GSSoC 2026 CI Good first issue Open issues License MIT

Find x GSSoC 2026

Find is a local-first AI image intelligence platform for uploading, indexing, searching, and clustering images on your own machine.

All image processing, vector generation, and search stay inside your local stack.
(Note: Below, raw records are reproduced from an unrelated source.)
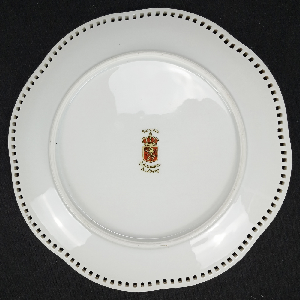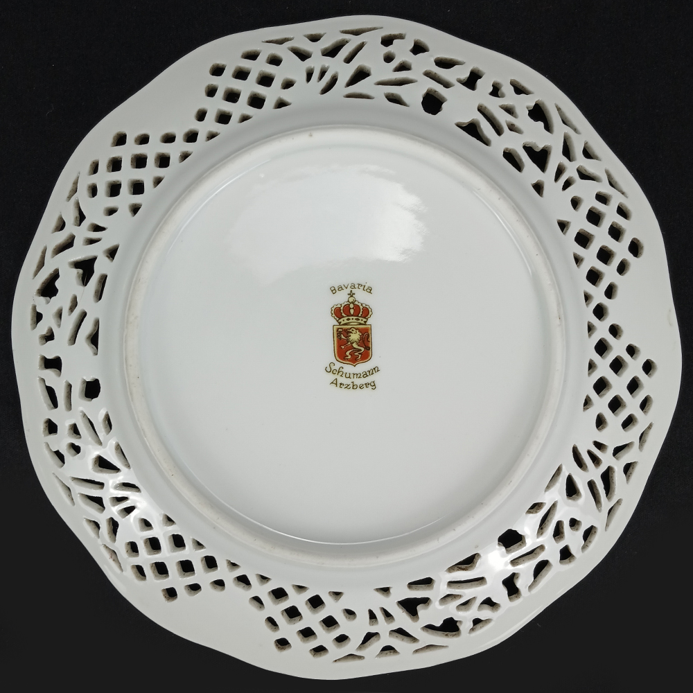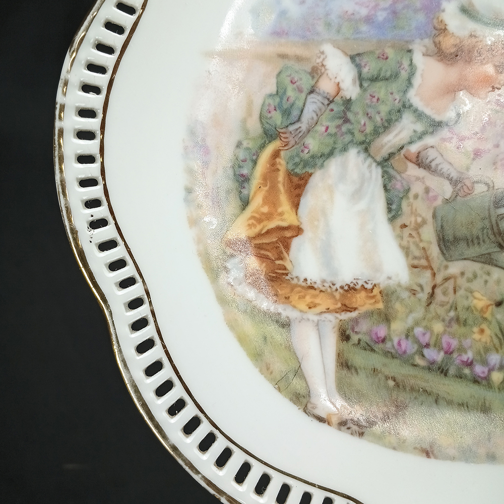 Antigo e belo prato em porcelana alemã Schumann, da região da Bavária. É decorado com cena de menino e menina em um jardim de flores, e a borda possui delicado trabalho rendado/vazado/fenestrado. De meados do século passado, está em ótimo estado de conservação, ideal para decoração, coleção ou para presentear.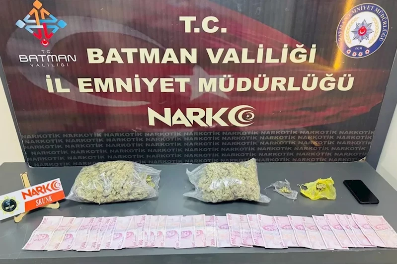 Aramada, şeffaf torbalar içerisinde 1 kilo 55 gram skunk ve 6 bin 200 lira para ele geçirildi.
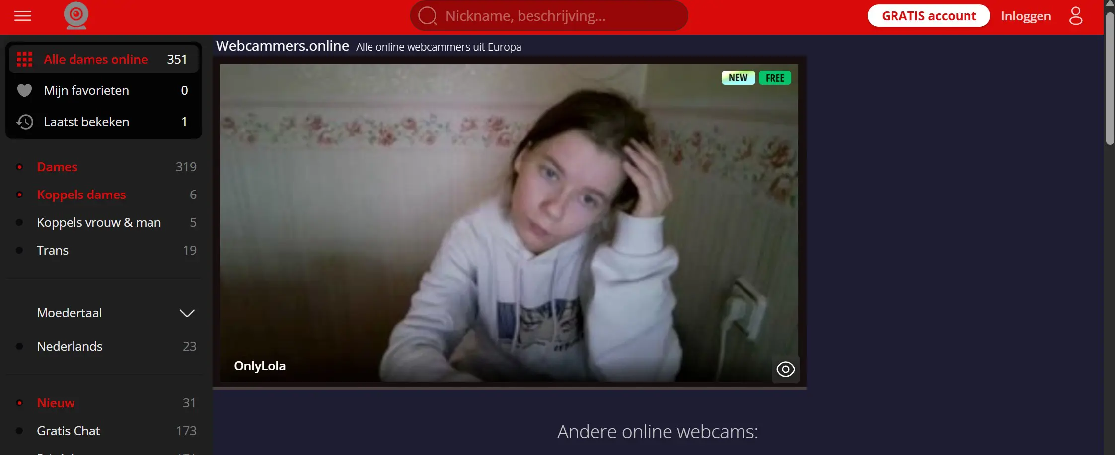 Op de Homepagina staan alle vrouwen die gratis webcammen!
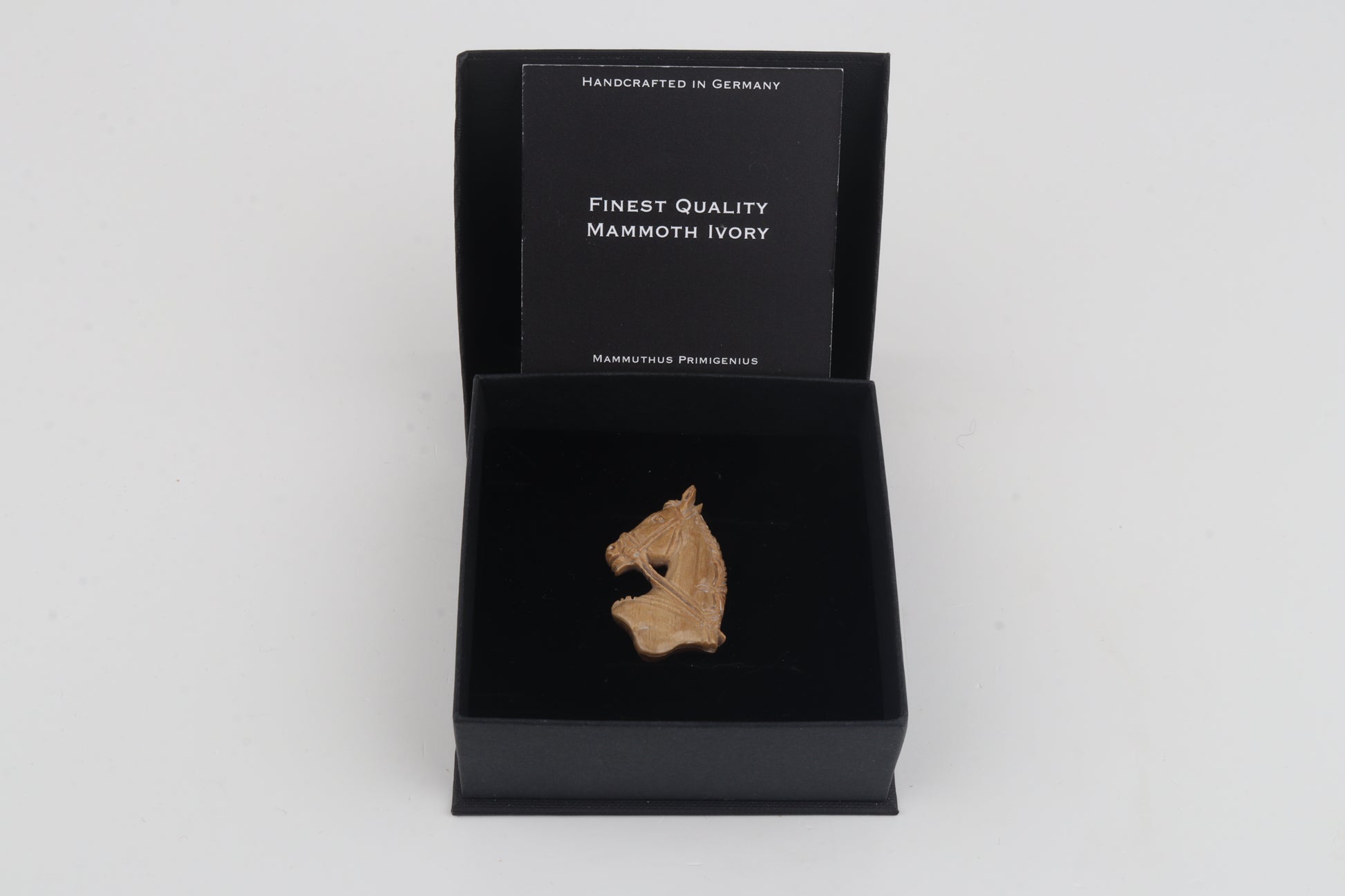 This distinctive brooch features a finely carved horse head sculpted from mammoth ivory (Mammuthus primigenius). The carving highlights the strength and elegance of the horse.

See the mobile direction in docs/mobile-strategy.md, the desktop framework tradeoff analysis in docs/desktop-tauri-vs-electron-adr.md, and the broader installable local-first roadmap in docs/installable-local-first-architecture-roadmap.md.

What it does

  • Upload individual images or ZIP archives
  • Extract captions, detected objects, OCR text, EXIF metadata, and dimensions
  • Generate hybrid embeddings for semantic search
  • Automatically cluster related images after indexing completes
  • Browse gallery, inspect details, like/delete media, and review cluster members

Tech stack

  • Frontend: Next.js 16, React 19, React Query, Tailwind CSS, Biome
  • Backend: FastAPI, SQLAlchemy, PostgreSQL + pgvector, Redis, RQ, MinIO
  • ML pipeline: YOLOv10, Florence-2, PaddleOCR, SigLIP (open-clip), HDBSCAN

Architecture

Architecture

Screenshots

Upload

Upload

Gallery

Gallery

Search

Search

Clusters

Clusters

Delete

Demo

GSSoC'26 contributors

This project is open for GSSoC'26 contributions.

Install and run

Option A: one-command demo stack (recommended)

From repository root:

docker compose up --build

Services:

  • Frontend: http://localhost:3000
  • Backend API: http://localhost:8000
  • MinIO API: http://localhost:9200
  • MinIO console: http://localhost:9201

Notes:

  • Current Docker setup is GPU-oriented and expects NVIDIA GPU access.
  • If no root .env is present, compose defaults support local demo startup.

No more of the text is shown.